Homework 28: Struct search

Name: _____________________________________________ Alpha: ___________________

• Due before class on Friday, March 31
• This homework contains code to be submitted electronically. Put your code in a folder called hw28 and submit using the 204sub command.
• This is a written homework - be sure to turn in a hard-copy of your completed assignment before the deadline. Use the codeprint command to print out your code and turn that in as well.

Assignment

1. Circle one to indicate how you did for the reading assignment from Homework 26 before class on Monday:

How carefully did you complete the reading? (Circle one)

Not at all
Skimmed it
2. Circle one to indicate how you did for the reading assignment from Homework 27 before class on Wednesday:

How carefully did you complete the reading? (Circle one)

Not at all
Skimmed it
3. Given the following declarations:
struct game {
char first[128];
char last[128];
int score;
};

struct point {
double x;
double y;
};

int i;
double w;
struct point p;
struct game g;
fill in the following table with the type (only) of each expression. Write ERROR for if the expression would be a compiler or run-time error.
 expression type (or ERROR) g g.first g.x p.x score g.first[i] w + g.score g.score++ *g.last
4. Consider the following main method:
int main() {
struct room r;
scanf(" %s %i %c", r.bldg, &r.num, &r.type);

if (isOffice(r)) {
r.sqft = 120.0;
} else if (isCloset(r.num, r.type)) {
r.sqft = 62.5;
} else {
r.sqft = 300;
}

printRoom(r, stdout);

return 0;
}
Write a definition for struct room as well as prototypes for the three functions isOffice, isCloset, and printRoom, based on how they are used in the code above.
5. Write a program topscores.c that reads in player names and game scores for some game, and prints out the names in alphabetical order along with the highest score that player achieved in the game.

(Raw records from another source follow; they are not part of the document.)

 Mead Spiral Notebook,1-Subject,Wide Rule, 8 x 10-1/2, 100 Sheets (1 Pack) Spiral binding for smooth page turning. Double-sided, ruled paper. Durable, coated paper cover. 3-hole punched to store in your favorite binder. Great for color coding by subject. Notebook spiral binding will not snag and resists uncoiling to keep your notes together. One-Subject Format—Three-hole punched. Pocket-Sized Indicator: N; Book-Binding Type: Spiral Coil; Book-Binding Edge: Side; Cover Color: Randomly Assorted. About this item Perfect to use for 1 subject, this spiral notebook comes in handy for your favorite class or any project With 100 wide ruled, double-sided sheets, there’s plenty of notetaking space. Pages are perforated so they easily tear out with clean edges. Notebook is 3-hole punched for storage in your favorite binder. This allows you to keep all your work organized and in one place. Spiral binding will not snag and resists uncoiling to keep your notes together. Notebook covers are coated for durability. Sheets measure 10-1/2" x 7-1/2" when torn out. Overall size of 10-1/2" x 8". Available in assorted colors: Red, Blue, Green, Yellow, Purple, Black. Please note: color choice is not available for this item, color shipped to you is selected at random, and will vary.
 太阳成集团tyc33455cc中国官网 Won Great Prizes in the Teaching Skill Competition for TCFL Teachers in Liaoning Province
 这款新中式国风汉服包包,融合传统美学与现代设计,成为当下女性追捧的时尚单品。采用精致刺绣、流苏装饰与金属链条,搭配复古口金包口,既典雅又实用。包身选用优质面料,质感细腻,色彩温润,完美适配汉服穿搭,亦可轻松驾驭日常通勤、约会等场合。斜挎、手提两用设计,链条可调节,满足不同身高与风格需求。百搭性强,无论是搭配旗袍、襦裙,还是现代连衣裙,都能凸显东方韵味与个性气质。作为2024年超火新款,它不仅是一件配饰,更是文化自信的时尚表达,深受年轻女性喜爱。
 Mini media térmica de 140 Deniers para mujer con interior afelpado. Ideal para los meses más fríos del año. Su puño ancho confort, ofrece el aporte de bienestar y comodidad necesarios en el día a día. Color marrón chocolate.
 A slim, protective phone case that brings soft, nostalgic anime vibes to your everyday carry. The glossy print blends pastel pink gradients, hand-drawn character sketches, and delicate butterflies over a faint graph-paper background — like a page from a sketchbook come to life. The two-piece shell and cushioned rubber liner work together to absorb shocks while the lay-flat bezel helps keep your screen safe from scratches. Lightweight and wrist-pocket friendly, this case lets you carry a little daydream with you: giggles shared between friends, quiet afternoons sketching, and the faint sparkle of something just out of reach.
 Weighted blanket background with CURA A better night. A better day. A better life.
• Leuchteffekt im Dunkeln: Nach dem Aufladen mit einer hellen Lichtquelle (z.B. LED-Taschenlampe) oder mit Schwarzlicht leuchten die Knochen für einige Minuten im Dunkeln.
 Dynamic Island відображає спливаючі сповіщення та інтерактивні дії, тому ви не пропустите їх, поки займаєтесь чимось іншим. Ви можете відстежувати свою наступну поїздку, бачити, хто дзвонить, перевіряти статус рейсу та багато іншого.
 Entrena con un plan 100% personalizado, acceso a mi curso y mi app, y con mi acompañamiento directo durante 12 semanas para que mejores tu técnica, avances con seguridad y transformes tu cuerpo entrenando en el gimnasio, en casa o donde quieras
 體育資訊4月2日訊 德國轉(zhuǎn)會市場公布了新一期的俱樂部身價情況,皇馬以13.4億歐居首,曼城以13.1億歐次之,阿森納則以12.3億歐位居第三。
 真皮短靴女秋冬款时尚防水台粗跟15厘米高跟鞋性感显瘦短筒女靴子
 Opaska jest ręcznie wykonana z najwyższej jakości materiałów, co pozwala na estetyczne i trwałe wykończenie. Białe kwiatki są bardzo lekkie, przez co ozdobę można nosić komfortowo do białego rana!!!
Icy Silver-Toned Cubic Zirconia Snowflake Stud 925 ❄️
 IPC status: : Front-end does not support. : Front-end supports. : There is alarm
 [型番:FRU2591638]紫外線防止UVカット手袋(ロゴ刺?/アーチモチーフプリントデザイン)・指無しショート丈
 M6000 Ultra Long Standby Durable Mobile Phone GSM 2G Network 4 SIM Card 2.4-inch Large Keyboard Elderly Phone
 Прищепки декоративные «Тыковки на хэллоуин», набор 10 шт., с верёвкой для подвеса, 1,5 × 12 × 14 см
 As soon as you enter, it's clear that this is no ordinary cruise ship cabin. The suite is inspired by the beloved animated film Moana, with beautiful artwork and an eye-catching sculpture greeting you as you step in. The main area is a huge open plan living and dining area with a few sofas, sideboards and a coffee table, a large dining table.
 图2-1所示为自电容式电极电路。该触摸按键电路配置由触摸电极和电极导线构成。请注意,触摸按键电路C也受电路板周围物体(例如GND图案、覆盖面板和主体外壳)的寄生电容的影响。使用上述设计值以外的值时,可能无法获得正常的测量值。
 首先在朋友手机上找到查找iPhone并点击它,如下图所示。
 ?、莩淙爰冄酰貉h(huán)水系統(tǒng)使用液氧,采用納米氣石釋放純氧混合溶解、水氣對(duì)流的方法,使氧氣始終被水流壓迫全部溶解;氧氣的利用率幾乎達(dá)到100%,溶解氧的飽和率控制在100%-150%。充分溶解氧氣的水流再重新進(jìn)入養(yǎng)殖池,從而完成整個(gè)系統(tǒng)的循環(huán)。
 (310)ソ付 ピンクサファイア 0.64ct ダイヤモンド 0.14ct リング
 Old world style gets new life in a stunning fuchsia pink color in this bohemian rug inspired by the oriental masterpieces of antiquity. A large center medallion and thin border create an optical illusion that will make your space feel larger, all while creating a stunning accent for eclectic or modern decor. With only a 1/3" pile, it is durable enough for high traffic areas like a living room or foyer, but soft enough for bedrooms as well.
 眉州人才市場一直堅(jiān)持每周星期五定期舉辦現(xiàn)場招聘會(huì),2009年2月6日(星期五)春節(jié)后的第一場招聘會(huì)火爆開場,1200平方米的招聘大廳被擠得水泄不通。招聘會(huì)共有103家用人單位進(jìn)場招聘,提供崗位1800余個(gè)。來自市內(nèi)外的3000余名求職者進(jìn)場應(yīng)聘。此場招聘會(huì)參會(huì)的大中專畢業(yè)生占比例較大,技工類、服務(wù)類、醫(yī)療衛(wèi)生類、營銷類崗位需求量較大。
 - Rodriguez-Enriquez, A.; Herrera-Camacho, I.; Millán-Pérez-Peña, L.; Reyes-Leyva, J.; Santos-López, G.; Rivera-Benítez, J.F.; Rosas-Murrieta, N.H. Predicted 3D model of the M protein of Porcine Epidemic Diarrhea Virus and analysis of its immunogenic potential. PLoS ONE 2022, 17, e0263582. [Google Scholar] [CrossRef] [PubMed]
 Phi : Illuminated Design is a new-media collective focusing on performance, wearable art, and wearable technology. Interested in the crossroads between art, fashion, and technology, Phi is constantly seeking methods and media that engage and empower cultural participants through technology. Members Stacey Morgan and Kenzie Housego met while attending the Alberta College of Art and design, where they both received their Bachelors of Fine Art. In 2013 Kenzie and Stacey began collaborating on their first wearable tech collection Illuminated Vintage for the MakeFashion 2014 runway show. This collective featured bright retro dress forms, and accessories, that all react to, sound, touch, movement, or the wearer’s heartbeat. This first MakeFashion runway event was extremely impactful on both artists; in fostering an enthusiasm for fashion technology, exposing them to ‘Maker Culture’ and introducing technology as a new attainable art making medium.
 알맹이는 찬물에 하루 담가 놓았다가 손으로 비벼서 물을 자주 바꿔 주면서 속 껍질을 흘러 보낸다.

The input to your program will come from a file like scores1.txt or scores2.txt, with the number of scores in the file, followed by a list of that many names and scores. You can assume that a name will always be in two parts (first and last name).

You must create a struct to hold a single player's name and score, and use that to read in and organize your data. Beyond that, you are free to solve the problem in whatever way you think is best, and there are multiple good ways to do it. One good way is to first read in all of the scores, then sort by name (alphabetically) and breaking ties by score (highest first). Once the data is sorted in this way, printing out the top score for each player should be a much easier task.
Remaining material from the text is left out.